Spring 2014 (28.1) Essay

Hobbes on the International Rule of Law

Perhaps the most influential passage on the rule of law in international law comes from chapter 13 of Thomas Hobbes’s Leviathan. In the course of describing the miserable condition of mankind in the state of nature, Hobbes remarks to readers who might be skeptical that such a state ever existed that they need only look to international relations—the relations between independent states—to observe one:

But though there had never been any time, wherein particular men were in a condition of warre one against another; yet in all times, Kings, and Persons of Soveraigne authority, because of their Independency, are in continuall jealousies, and in the state and posture of Gladiators; having their weapons pointing, and their eyes fixed on one another; that is, their Forts, Garrisons, and Guns upon the Frontiers of their Kingdomes; and continuall Spyes upon their neighbours; which is a posture of War.

The passage is influential because realists take Hobbes not only to be describing international relations but also making a statement about what international relations should be—an arena in which individual states relentlessly pursue goals that they take to serve their particular interests. It has to be that way, on the view traditionally attributed to Hobbes, because the conditions that make the rule of law possible within a state—namely, an absolute sovereign with a monopoly on the power to make, enforce, and interpret the law—are so conspicuously lacking in the international arena.

Hobbes’s view that these three functions have to be united in one person or body to avoid chaos has been rejected for some time. But even if one supposes that an effective rule of law requires a separation of powers between the legislature, the executive, and the judiciary, that separation occurs within a unified state in which there is some ultimate locus for each function; and no plausible equivalent exists and is likely ever to come into existence in the international arena.

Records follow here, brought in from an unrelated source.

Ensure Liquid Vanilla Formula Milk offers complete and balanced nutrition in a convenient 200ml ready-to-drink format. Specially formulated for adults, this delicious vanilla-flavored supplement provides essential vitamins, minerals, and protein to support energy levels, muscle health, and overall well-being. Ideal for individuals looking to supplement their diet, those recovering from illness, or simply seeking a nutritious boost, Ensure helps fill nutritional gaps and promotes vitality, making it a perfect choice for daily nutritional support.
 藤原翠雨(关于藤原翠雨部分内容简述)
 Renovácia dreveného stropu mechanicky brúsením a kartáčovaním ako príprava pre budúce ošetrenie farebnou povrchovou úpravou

And yet international law exists, and critics of realism can point to examples of compliance by states with international law where such compliance seems plausibly to be against state interest. Hence, these critics argue, since international law constrains the power of sovereign states, there is an international rule of law, even though the international legal order lacks the institutional framework that we consider essential for the rule of law within states.

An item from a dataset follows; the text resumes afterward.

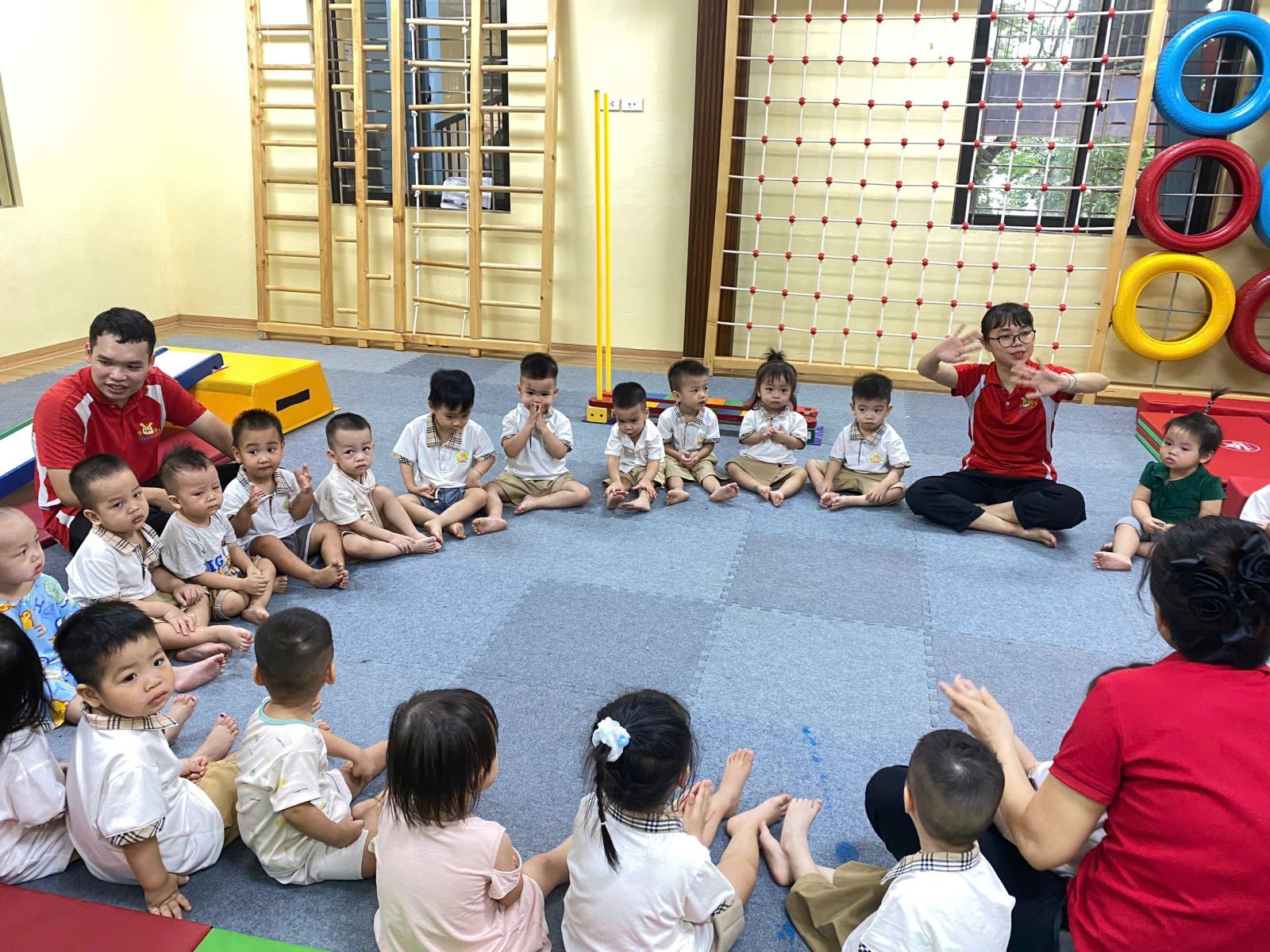 Hình ảnh các con HS tập chuỗi bài tập Gymkid dưới sự hướng dẫn của cô giáo

However, this argument from actual examples is problematic because the practice of state compliance with international law is not that easily demonstrated to be the product of legal constraint. Indeed, the problem goes beyond international law since the practice whereby a state generally complies with its own domestic law is hardly different in this respect, as I will show in the next section. But, as I will also try to show, this phenomenon does not so much demonstrate the truth of realism as that the ultimate questions in debates between realists and their critics are normative questions about how best to construct practice, and not only questions about how best to describe it. To think that Hobbes, to take just one prominent example, was providing only a description of state practice in the quotation above is to misunderstand what question he was asking when he inquired into whether the rule of law is possible, in domestic affairs or on the international level.